Tidak semua travel dari Indonesia seperti itu memang tapi umumnya sebagian besar demikianlah adanya, terutama kebanyakan travel dari ibukota. Ada apa dengan penyelenggara umroh dari Indonesia? Apa yang mereka pikirkan? Padahal kalau melihat rekan mereka dari Negara lain, walaupun identitas travelnya jelas namun tetap menonjolkan identitas Negara baik dengan tulisan atau paling tidak dengan warna bendera Negaranya. Sehingga walaupun dominan secara jumlah, jemaah dari Indonesia tidak terlalu menonjol. Ya karena itu, tidak semua menonjolkan identitas negara.
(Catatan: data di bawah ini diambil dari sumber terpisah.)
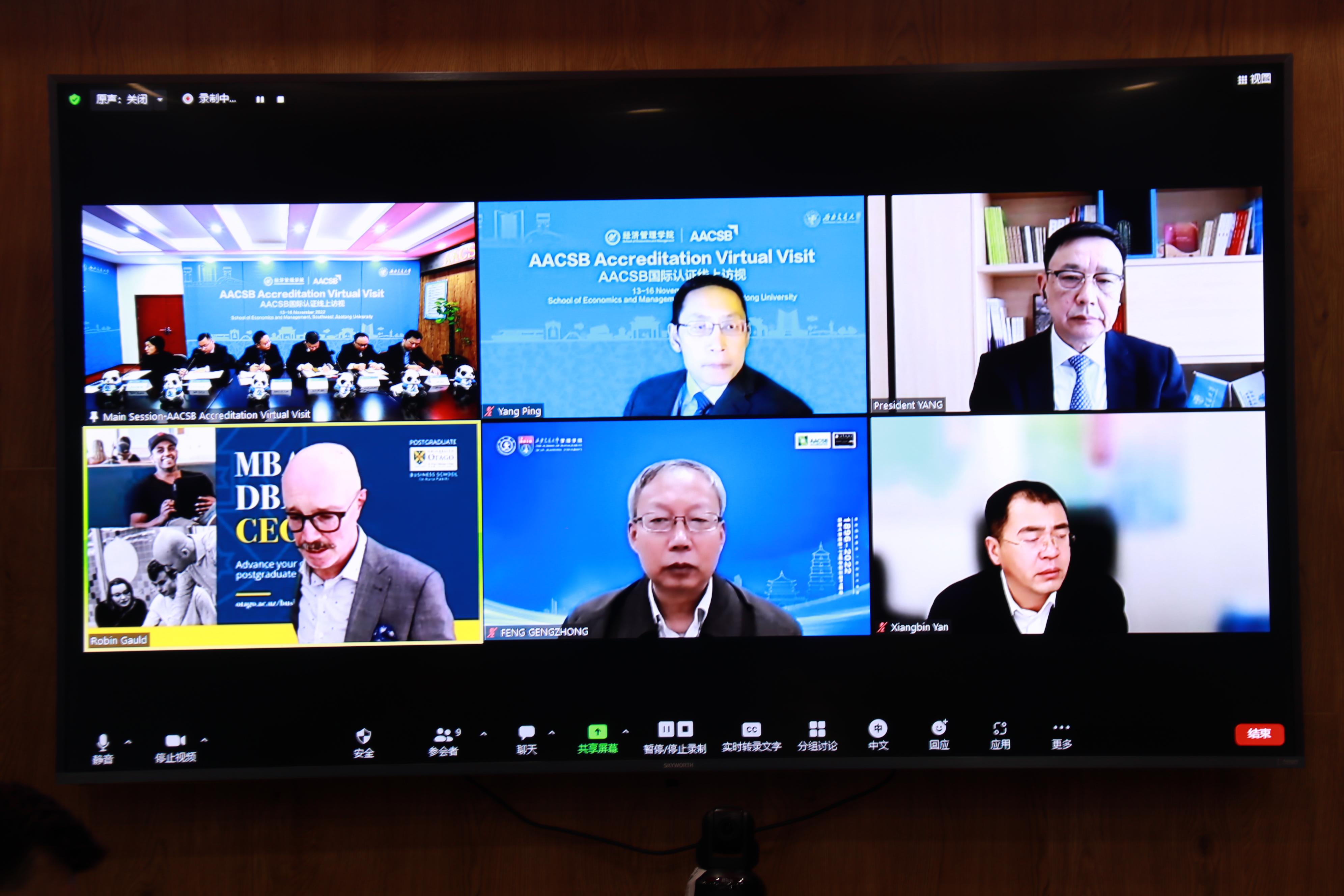 2022年11月13日至16日,402永利集团官网入口AACSB(国际精英商学院协会)国际认证线上访视顺利举行。亚太管理学院联合会主席、新西兰奥塔哥大学荣誉副校长、商学院院长Robin Gauld担任评审专家组主席,北京科技大学副校长闫相斌、西安交通大学管理学院院长冯耕中担任评审专家组委员。402永利集团官网入口校长杨丹、副校长刘长军、国际合作与交流处(港澳台办公室)处长马磊、以及402永利集团官网入口领导班子、师生员工等与评审专家组进行了会谈。
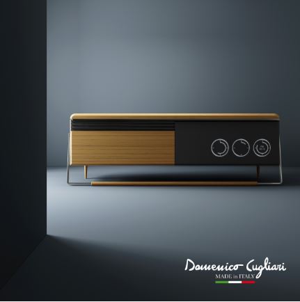 MaDJa si reinterpreta. La funzione di arredo e contenimento si veste di creatività e tecnologia. Il mobile è infatti dotato di un raffinato impianto Hi-Fi 2.1 che lo rende un oggetto con il quale interagire. Attraverso la sua anima tecnologica, informa sull’ora, lascia ascoltare la radio, si connette allo smartphone per riprodurre la musica preferita con la possibilità di ricaricarlo grazie ad una base wireless. Tutte le funzioni vengono comandate da tre grandi rotori che informano tramite una matrice discreta e colori soffusi sulla configurazione in uso. All’interno del contenitore è presente un vano (celato alla vista) dove alloggiano decoder satellitari, TV box o qualsiasi altro accessorio in grado di migliorare l’esperienza audio. Inoltre si possono implementare successivamente degli upgrades per regalare nuove emozionanti funzioni. L’ anima tecnologica, firmata dal maestro del suono Gianni Labate, è incastonata in un guscio artigianale, finemente realizzato dai falegnami della Domenico Cugliari 1961. Artigiani del legno, quelli di una volta, che mettono insieme materiali pregiati, metalli, pelli, finiture contemporanee.

Berbeda misalnya dengan jemaah dari Turki yang juga dominan jumlahnya dan sangat menonjol, bukan hanya karena penampilan fisiknya yang memang sudah besar ataupun busana seragamnya yang khas. Tapi terutama juga karena mereka dengan bangga menonjolkan bendera negaranya yang berwarna merah berhias bulan sabit dan bintang yang selalu tersematkan di busana maupun dikelengkapan identitas lainnya. Terlepas dari perbedaan tour & travel mana yang memberangkatan mereka.
Betapa indah & membanggakannya misalnya ketika kita melihat identitas para jemaah dari negara2 di Eropa seperti Macedonia, Albania, Bosnia dll... walaupun hanya diwakili oleh bendera kecil atau tulisan kecil nama negara di busana atau tas yg mereka sandang... atau negara-negara dengan tradisi muslim yang cukup kental dari Asia Tengah seperti Kazakhstan, Uzbekistan, Turkmensitan, Tajikistan dkk yang biasanya menulis nama negaranya cukup besar atau paling tidak mencantumkan identitas bendera mereka juga cukup besar dengan kombinasi warna yang masih belum familiar dimata... sehingga tentu mereka pun pastinya akan tertarik dan bangga melihat banyaknya bersliweran bendera merah putih kecil atau besar sbg indentitas jemaah umroh Indonesia, negara berpenduduk muslim terbanyak di dunia!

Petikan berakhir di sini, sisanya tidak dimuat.